The three sources are individually rich but don't form a coherent document set for the question as drafted. They are better suited to a narrower question — specifically, one that asks about BLAME or RESPONSIBILITY rather than causes. The Treaty of Versailles blames Germany. The political cartoon implies that the alliance system made war inevitable (distributed blame). The soldier's letter suggests that enthusiasm for war was widespread (complicating the idea that any single country is to blame). This set is strong for a question about how blame for the war was assigned and whether that assignment was fair — but weak for a general "what caused the war?" question.

Revised Question

"Who was most to blame for World War I?"

This revision narrows the scope, makes the question genuinely contested (reasonable people disagree about where blame lies), and aligns with the available sources. The Treaty of Versailles assigns blame to Germany — students must evaluate whether this is fair. The political cartoon suggests the alliance system made war inevitable — distributing blame across multiple countries. The soldier's letter complicates blame entirely — if soldiers were ENTHUSIASTIC, can we blame governments alone? The revised question turns the documents from illustrations into evidence and requires students to weigh them against each other (corroboration), consider when and why each was produced (sourcing, contextualisation), and attend to how each frames the question of responsibility (close reading).
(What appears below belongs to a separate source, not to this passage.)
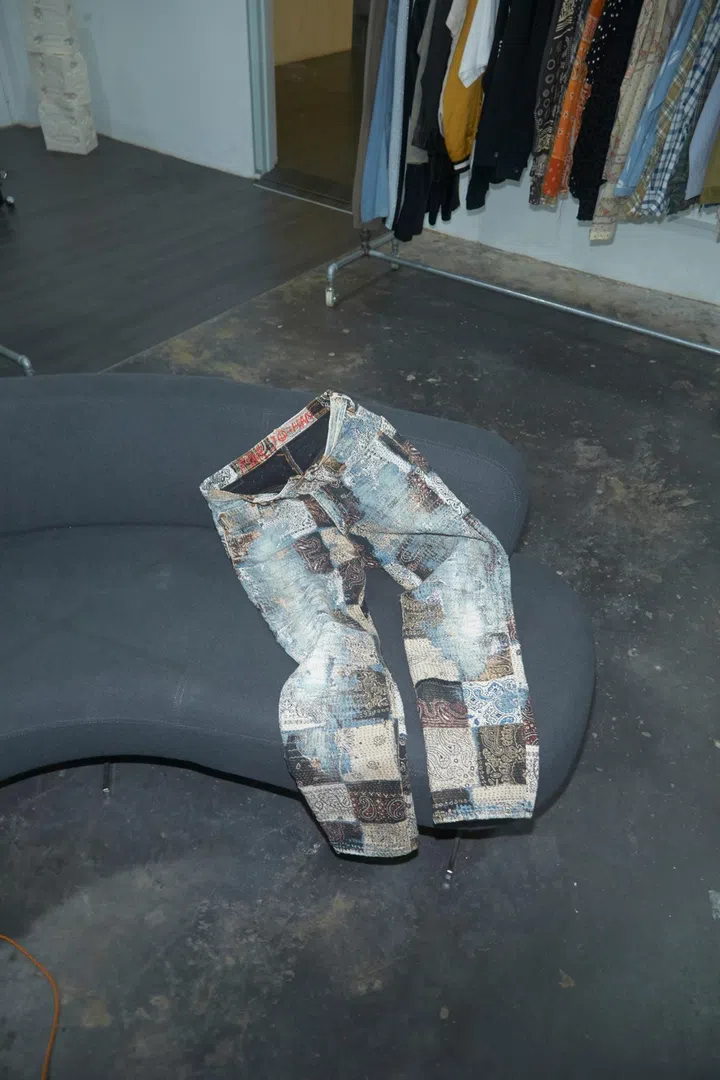 A pair of custom Proleta Re Art jeans at Lithium, which was fashioned out of antique bandanas from the 1900s, according to Lithium's resident art curator Han Goh.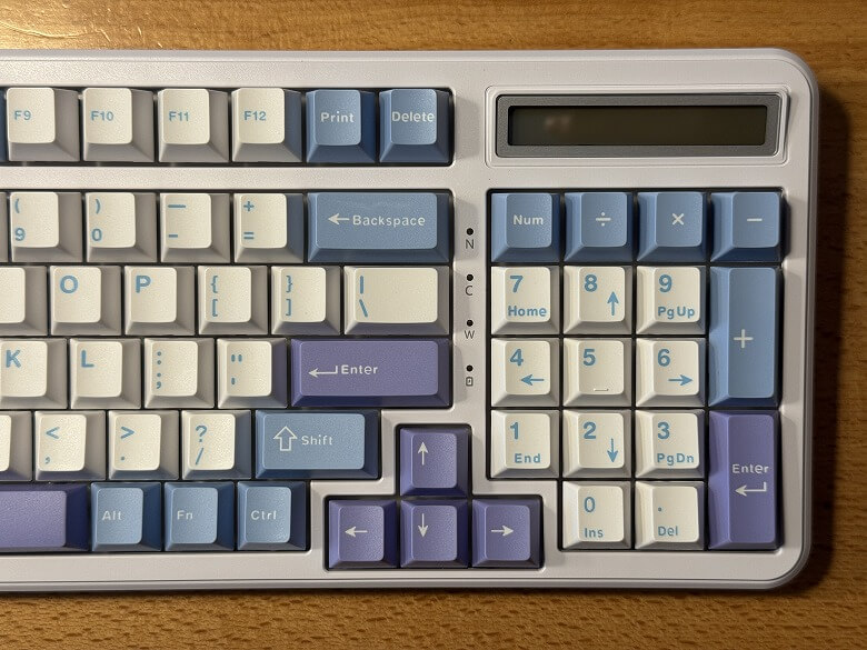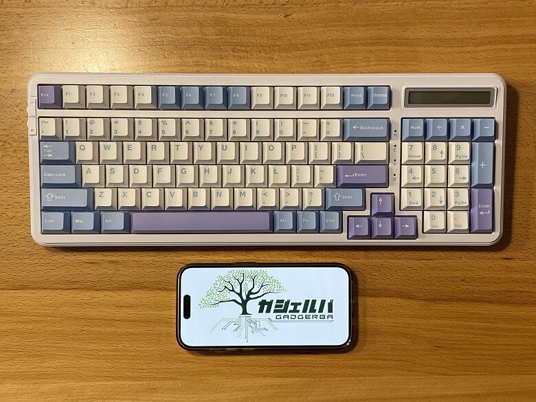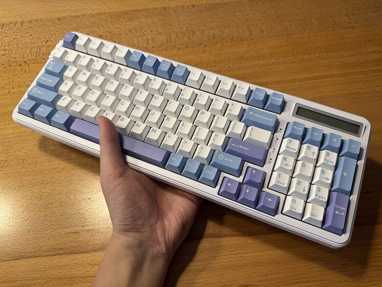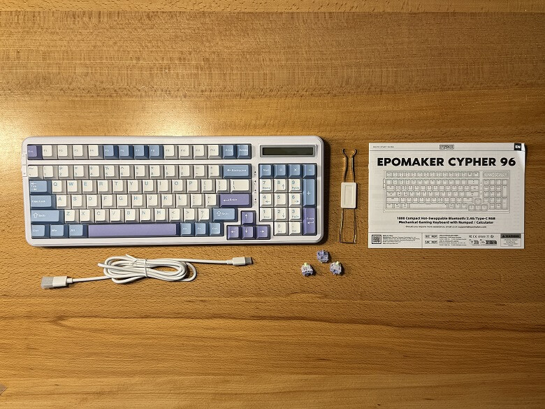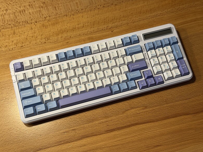 「Epomaker Cypher 96」の外観は、白を基調とし青や紫色をアクセントカラーにしたクールなデザインです。

What changed: The question narrowed from a broad causal survey to a specific evaluative-interpretive question that the three available sources can genuinely investigate. "Who was most to blame?" requires a position, not a list.

Teaching Notes

This question will foreground corroboration — students must weigh the three sources against each other to construct an argument about blame. It also demands sourcing for the Treaty of Versailles: students need to recognise that the victorious powers wrote Article 231 and that this shapes its assignment of blame. Anticipate that some students will default to listing causes rather than making an argument about blame — redirect them with: "You've told me several causes. But which country or factor do you think was MOST responsible, and what evidence from the documents supports your position?" Watch for students who treat the Treaty of Versailles as a neutral historical fact rather than a politically motivated document — this is a sourcing opportunity.


Known Limitations

  1. This skill evaluates the question-source combination, not the question in isolation. A question that is excellent with one document set may be poor with another. The evaluation is always relative to the available sources. If the teacher changes the sources after the evaluation, the analysis may no longer apply.

  2. The skill cannot assess whether a question will engage a specific group of students. Engagement depends on local context — students' prior knowledge, interests, cultural backgrounds, and the teacher's rapport with the class. The skill can assess whether a question is structurally engaging (genuinely puzzling, clearly framed, appropriately scoped) but not whether it will land with particular students.

  3. The skill is an evaluator, not a generator. It assesses and, where necessary, modifies teacher-drafted questions. It does not generate questions from scratch. This is deliberate: the teacher knows their students, curriculum, and sources better than any skill can. The skill provides analytical feedback on a question the teacher has already crafted.